• Brief
Please restate word for word the lines of the entries below from the one with "Kompakti, kannettava hitsauskone" to the one with "Mey İthalat® Pembe", inclusive, and leave out every picture.

• Data provided
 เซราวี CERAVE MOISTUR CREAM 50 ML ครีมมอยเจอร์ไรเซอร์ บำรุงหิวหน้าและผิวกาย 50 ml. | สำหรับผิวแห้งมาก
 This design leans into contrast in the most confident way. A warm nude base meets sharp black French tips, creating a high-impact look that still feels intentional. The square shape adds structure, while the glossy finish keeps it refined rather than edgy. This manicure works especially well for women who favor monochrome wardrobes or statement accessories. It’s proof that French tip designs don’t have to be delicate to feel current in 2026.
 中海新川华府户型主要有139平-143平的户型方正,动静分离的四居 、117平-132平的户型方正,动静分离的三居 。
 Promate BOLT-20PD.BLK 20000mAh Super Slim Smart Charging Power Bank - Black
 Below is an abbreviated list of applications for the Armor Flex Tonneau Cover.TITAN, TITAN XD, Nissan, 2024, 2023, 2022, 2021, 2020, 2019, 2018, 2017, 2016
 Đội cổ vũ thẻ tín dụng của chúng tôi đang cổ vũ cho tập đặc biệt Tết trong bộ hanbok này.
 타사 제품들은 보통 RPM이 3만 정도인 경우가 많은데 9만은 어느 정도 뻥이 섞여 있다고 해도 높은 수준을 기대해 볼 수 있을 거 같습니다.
==
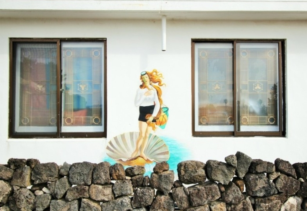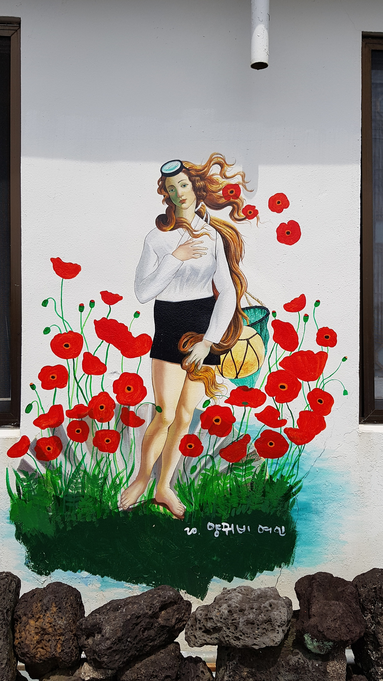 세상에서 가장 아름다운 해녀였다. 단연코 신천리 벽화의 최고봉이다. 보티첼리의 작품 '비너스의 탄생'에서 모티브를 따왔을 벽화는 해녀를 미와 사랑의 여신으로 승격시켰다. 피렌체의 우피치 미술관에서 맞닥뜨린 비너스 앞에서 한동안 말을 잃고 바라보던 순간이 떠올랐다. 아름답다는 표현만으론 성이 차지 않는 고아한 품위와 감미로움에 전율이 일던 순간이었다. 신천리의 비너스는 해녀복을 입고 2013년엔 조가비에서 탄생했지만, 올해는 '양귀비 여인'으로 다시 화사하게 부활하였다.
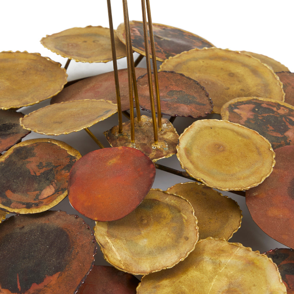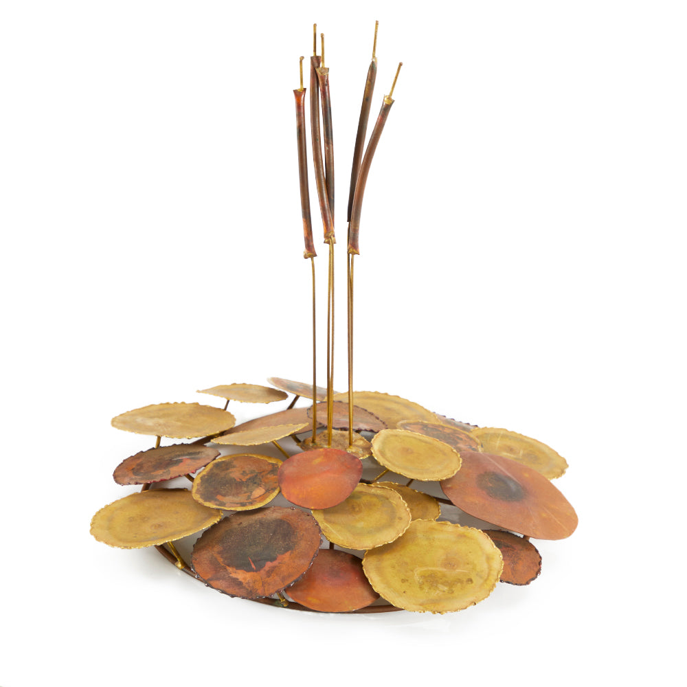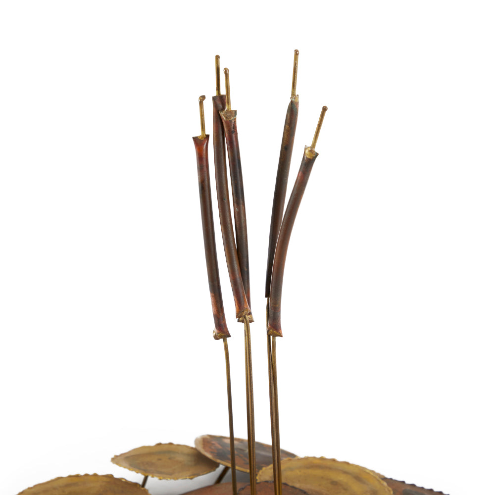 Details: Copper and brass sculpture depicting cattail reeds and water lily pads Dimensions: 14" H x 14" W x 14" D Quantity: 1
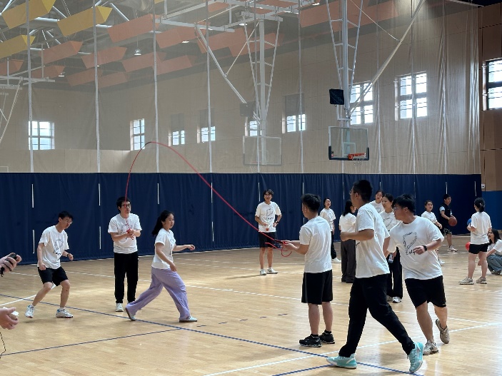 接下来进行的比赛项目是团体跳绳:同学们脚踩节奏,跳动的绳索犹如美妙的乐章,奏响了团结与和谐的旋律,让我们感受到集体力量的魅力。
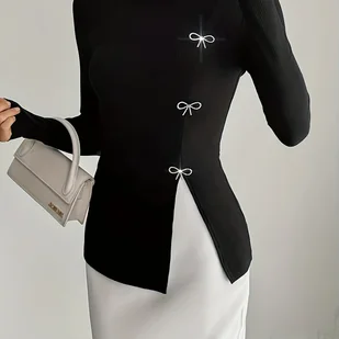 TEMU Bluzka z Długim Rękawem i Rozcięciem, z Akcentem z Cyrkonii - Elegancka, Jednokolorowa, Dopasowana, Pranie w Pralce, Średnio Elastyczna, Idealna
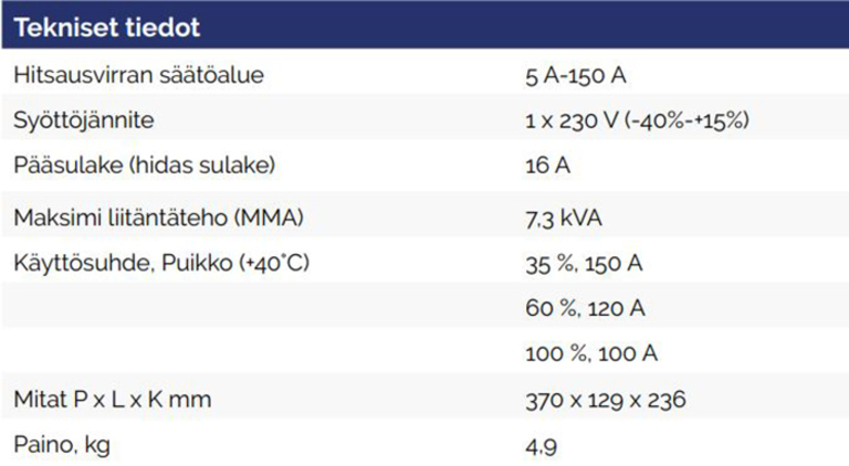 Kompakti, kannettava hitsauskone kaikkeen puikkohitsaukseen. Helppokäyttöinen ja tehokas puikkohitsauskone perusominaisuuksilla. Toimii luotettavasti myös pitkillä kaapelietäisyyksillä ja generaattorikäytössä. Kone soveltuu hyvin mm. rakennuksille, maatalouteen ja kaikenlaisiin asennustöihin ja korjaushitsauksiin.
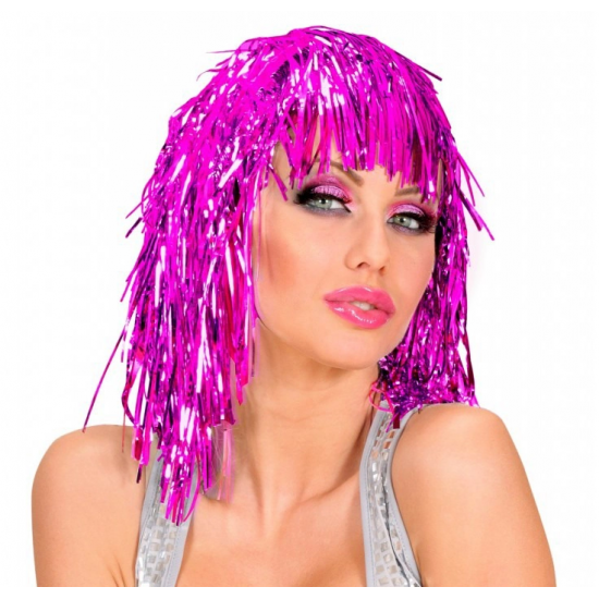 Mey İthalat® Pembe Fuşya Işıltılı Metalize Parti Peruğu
--
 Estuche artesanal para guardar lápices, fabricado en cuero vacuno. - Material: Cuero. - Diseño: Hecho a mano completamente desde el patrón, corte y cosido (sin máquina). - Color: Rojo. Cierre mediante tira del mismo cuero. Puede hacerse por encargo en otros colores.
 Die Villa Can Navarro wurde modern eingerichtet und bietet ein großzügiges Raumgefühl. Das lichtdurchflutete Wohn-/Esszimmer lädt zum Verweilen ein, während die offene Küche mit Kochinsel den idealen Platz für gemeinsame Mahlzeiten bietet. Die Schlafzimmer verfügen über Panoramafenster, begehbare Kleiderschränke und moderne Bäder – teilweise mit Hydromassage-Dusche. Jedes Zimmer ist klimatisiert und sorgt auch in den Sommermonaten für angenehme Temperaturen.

• Result
 Kompakti, kannettava hitsauskone kaikkeen puikkohitsaukseen. Helppokäyttöinen ja tehokas puikkohitsauskone perusominaisuuksilla. Toimii luotettavasti myös pitkillä kaapelietäisyyksillä ja generaattorikäytössä. Kone soveltuu hyvin mm. rakennuksille, maatalouteen ja kaikenlaisiin asennustöihin ja korjaushitsauksiin.
 Mey İthalat® Pembe Fuşya Işıltılı Metalize Parti Peruğu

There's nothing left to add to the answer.